По широкому двору, обставленному амбарами, бежала женщина и слышен был ее молодой голос: «Приехали! Приехали!»
Но как только серая фигура Васи показалась на пороге калитки, женщина взмахнула руками, — точно на льду поскользнулась, — и уже молча, опрометью бросилась в дом. За нею, смущенный таким приемом, шел гость, и позади Семен с корзинкой, отчаянно отбиваясь кнутом от множества лохматых и шершавых собак, сбегавшихся из дальних углов двора.
В темных сенях, куда прокрадывался скудный свет из щели в дверях, за которыми слышался шепот, — приезжим заступила дорогу фигура в рясе. «Извините… хозяина усадьбы в настоящую минуту нет дома. Позвольте мне осведомиться, по какому случаю…»
— Да ведь это — Васька Белоконский! Чёрт! Какими судьбами?

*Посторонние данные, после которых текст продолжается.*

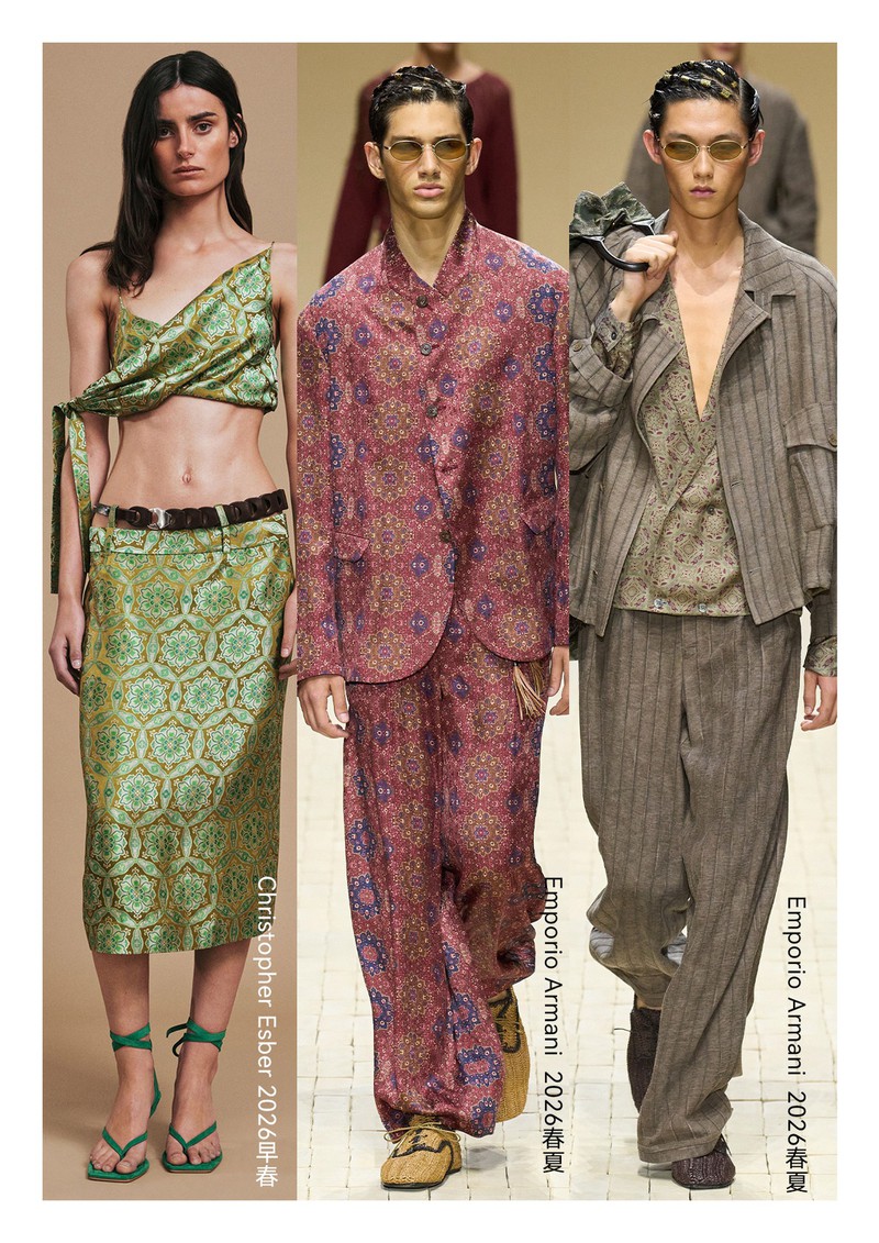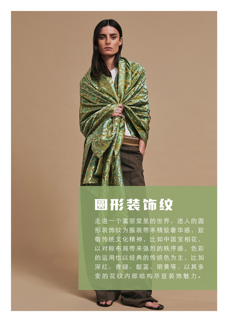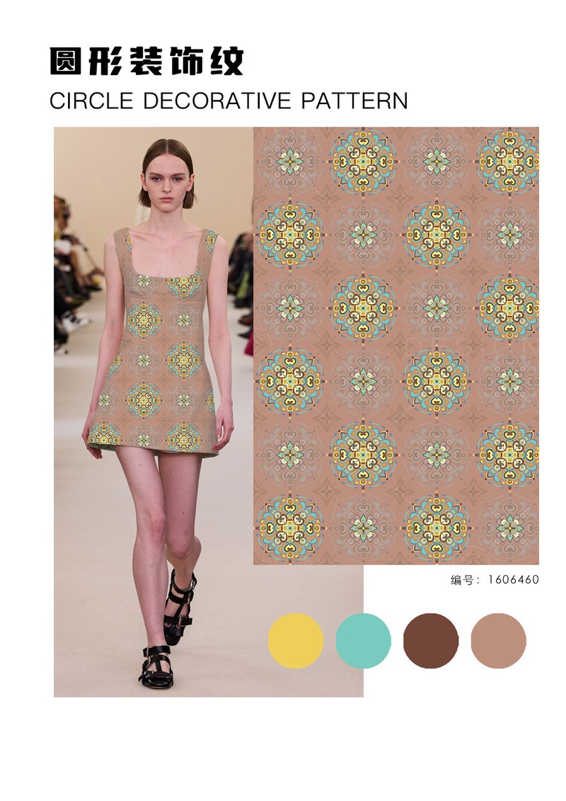 2026春夏印花&图案趋势:圆形装饰纹样走进一个富丽堂皇的世界,迷人的圆形装饰纹为服装带来精致奢华感,致敬传统文化精神,比如中国宝相花,以对称布局带来强烈的秩序感,色彩的运用也以经典的传统色为主,比如深红、青绿、靛蓝、明黄等,以其多变的花纹内部结构尽显装饰魅力。

Дверь широко распахнулась и из нее впереди целой толпы вынесся студент Бесарабцев.
— Голубчик ты мой! Откуда? Один? А мама? А Катя? — закидала вопросами хозяйка, — маленькая, бледная женщина с серыми от ранних седин волосами.
— Да оставьте вы его, — вступился студент, — малому есть, небось, хочется с дороги, а вы к нему с Катей да мамой… Откуда? Из Петербурга прямо. Надолго в наши края?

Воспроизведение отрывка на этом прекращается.